Der Grenzer wendet den Pass hin und her. Er seufzt, schaut zum Mann vor sich, der Mann schaut zurück, nimmt sein Käppi ab, seufzt ebenfalls. Minutenlang steht der Mann an der Passkontrolle am Moskauer Flughafen Domodedowo. Minutenlang blättert der Grenzer durch die Seiten seines roten russischen Passes. Immer wieder. Wortlos.
Es ist mitten in der Nacht. Der Mann fängt an, Fragen zu stellen. Warum es so lange dauere, er wolle doch nur wieder zu Frau und Kind, von denen er an den Passkontrollschaltern getrennt worden war. Sie seien zusammen in Antalya gewesen, am Meer spazieren, die Sonne geniessen. Der Grenzer greift zum Telefon. «Folgen Sie mir», sagt schliesslich ein herbeigerufener Uniformierter. «Aber ich will doch nur nach Hause», stottert der Mann.
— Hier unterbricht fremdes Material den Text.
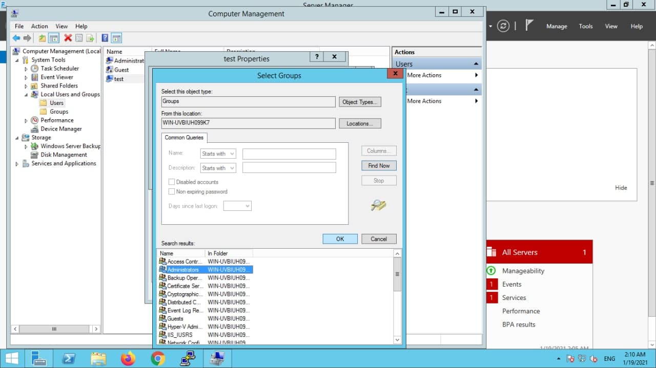 سپس در این مرحله find now را کلیک میکنیم و از دسترسی های مختلفی که نمایش داده میشود دسترسی مورد نظر خودمان را انتخاب میکنیم و تمامی پنجره های باز را ok میکنیم تا یوزر مورد نظر دسترسی ها لازمه را بدست آورد.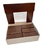 18 kleine choco wafels gevuld met luchtig schuim zitten er in deze doos .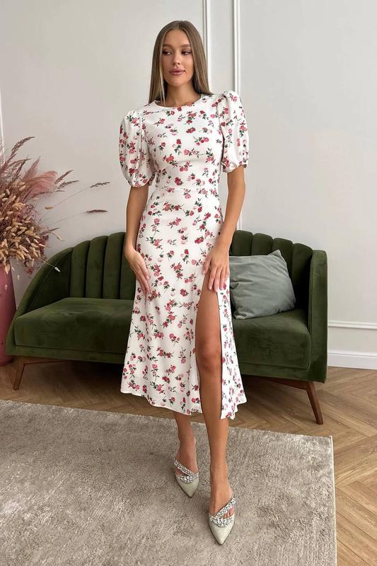 ▫Ідеальна сукня твого літа🫣 Довжина міді, квітковий принт, рукавчики фонартки і розріз - в ній продумано все до деталей😍 А також ідеальні лекала, які будуть моделювати твою фігуру ☺️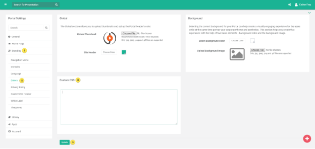 - Background color and background image do not apply on pages that can only be accessed by Manager/Administrator for managerial purposes e.g. Media Manager or Portal Settings. These two options only get applied on viewer-end pages.

Der russische Grenzschutz führt immer wieder Reisende in graue Räume ab. Ukrainischen Frauen stellt er Fragen nach ihrem Aufenthaltsstatus und ihren weiteren Plänen, russischen Männern nach geleistetem Militärdienst und dem Dienstgrad, ausländischen Journalisten nach ihren Verbindungen zur Ukraine und ihrer Haltung zum Krieg, den die Offiziellen niemals Krieg nennen.
Es kann jeden treffen, der Grenzübergang ist ein sichtbarer Teil der Willkür, die den Alltag in Russland prägt. Der Staat zeigt seine Macht und seine Kontrolle, der niemand entkommt. Und er sät Angst.
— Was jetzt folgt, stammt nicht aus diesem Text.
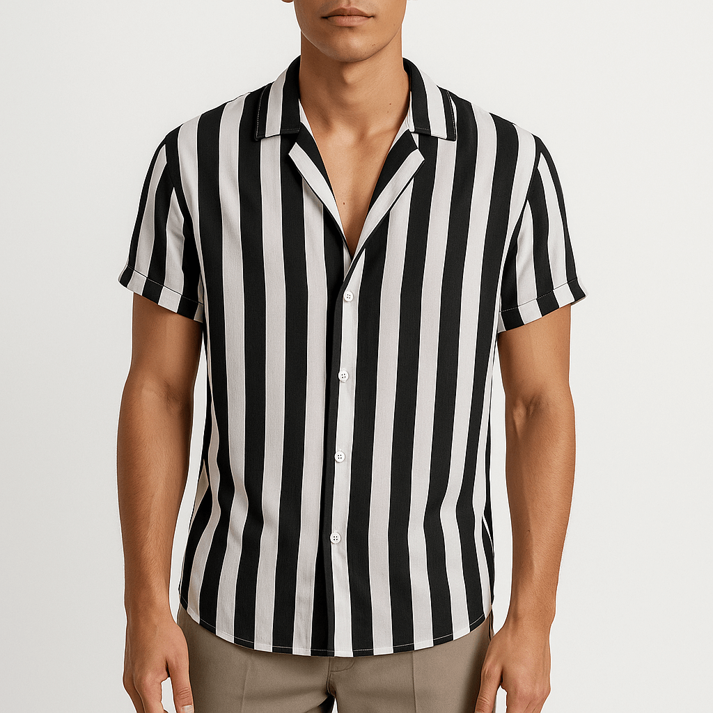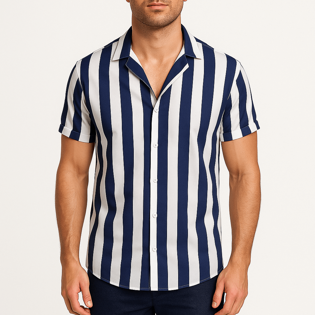 Giviny fuses retro attitude with refined edge—tailored to turn heads from beach walks to city brunches. Lightweight and easy to wear, this striped shirt blends relaxed confidence with standout summer versatility.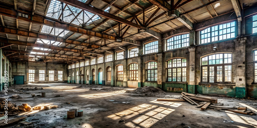 © Joesunt, Fototapeta premium Echoes of Industry: A haunting panorama of an abandoned factory, sunlight streaming through broken windows onto a dusty floor, remnants of a bygone era.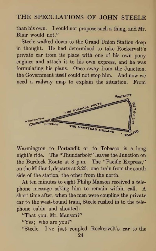 But there was one man who did not like John, and that was no less important a personage than the general manager himself. His huge room in the lower part of the tower was as sumptuously furnished as an eastern palace. T. Acton Blair, general manager of the Manateau Midland, was supposed to be related to the Rockervelt family, but this was perhaps a fallacy put forth to account for the placing of such a palpably incompetent man in so responsible a position. He was a bald-headed, corpulent personage, pompous and ponderous, slow moving and slow speaking, saying perfectly obvious things in a deep, impressive voice, as if he were uttering the wisdom of ages. His subordinate, Philip Manson, as everybody knew, was responsible for the efficiency of the road; and when he wanted a project carried out, he always pretended it was Blair’s original idea, so the general manager got the credit if it was a success, and Manson shouldered the blame if it was not.

«Sie haben ihn mitgenommen. Hoffentlich stecken sie ihm nicht gleich den Einberufungsbescheid in die Hand», sagt die Ehefrau des Abgeführten aufgeregt ins Telefon. «Wir waren doch einfach im Urlaub, haben nichts getan.»
Viele Russen leben ein Leben, als ginge sie der Krieg nichts an – bis der Staat ihnen unmissverständlich klarmacht, dass sie ein Teil der Kriegsmaschinerie sind, dass sie letztlich Geisel des Systems sind, das sie mittragen. Die Frau weint. Ihren Mann kann sie nicht erreichen, ihr Kind hüpft zwischen den Koffern.
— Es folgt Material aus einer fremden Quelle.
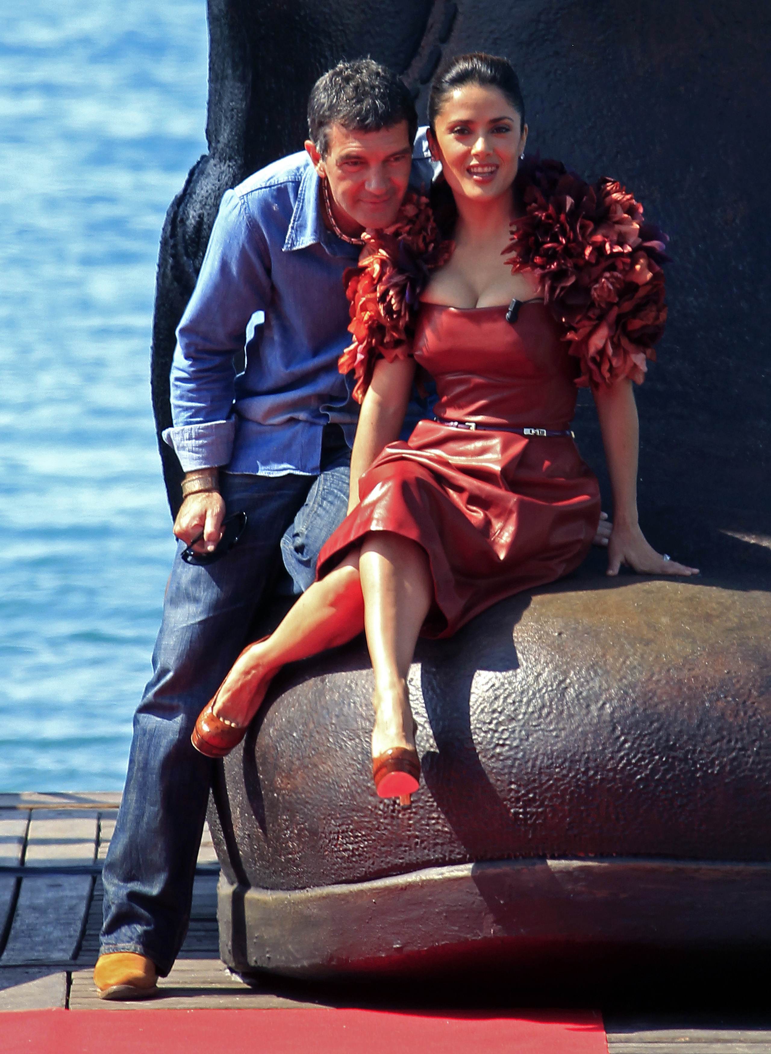 Από τις πρώτες αφίξεις στο κόκκινο χαλί του Φεστιβάλ των Καννών ήταν ο Αντόνιο Μπαντέρας και η Σάλμα Χάγιεκ που δανείζουν τη φωνή τους στην ταινία «Puss In Boots» με πρωταγωνιστή το Γάτο Σπιρουνάτο, φίλο του Σρεκ.

«Man sollte lieber ruhig zu Hause hocken und sich bedeckt halten», sagt sie dem Menschen am anderen Ende der Leitung, umarmt ihre Tochter und wartet an den Gepäckbändern zwischen Passkontrolle und Zoll.
«Bloss nicht aufmucken» ist ein Satz, der die Sowjetzeit überlebte, bis heute bestimmt er das Leben sehr vieler Menschen im Land. Er wird von Generation zu Generation weitergegeben. Die Menschen ergeben sich dieser Haltung, der Satz hat sich als eine Art historisches Trauma in ihr Dasein geschlichen.
Wie auch nicht, wenn die Vorfahren abgeführt und erschossen worden waren, weil sie aufgemuckt haben? Weil sie das «falsche» Aussehen, die «falsche» Nationalität, die «falschen» Ansichten hatten? Jedes Aufmucken – und sei es lediglich ein kindliches Hinterfragen dessen, warum Zöpfe bei Mädchen im Kindergarten Pflicht sein sollen oder ob nun wirklich jeder zum Schulausflug samt Kalaschnikow-Auseinandernehmen müsse – führt zur Vorführung und Erniedrigung dieses Aufmuckenden vor anderen.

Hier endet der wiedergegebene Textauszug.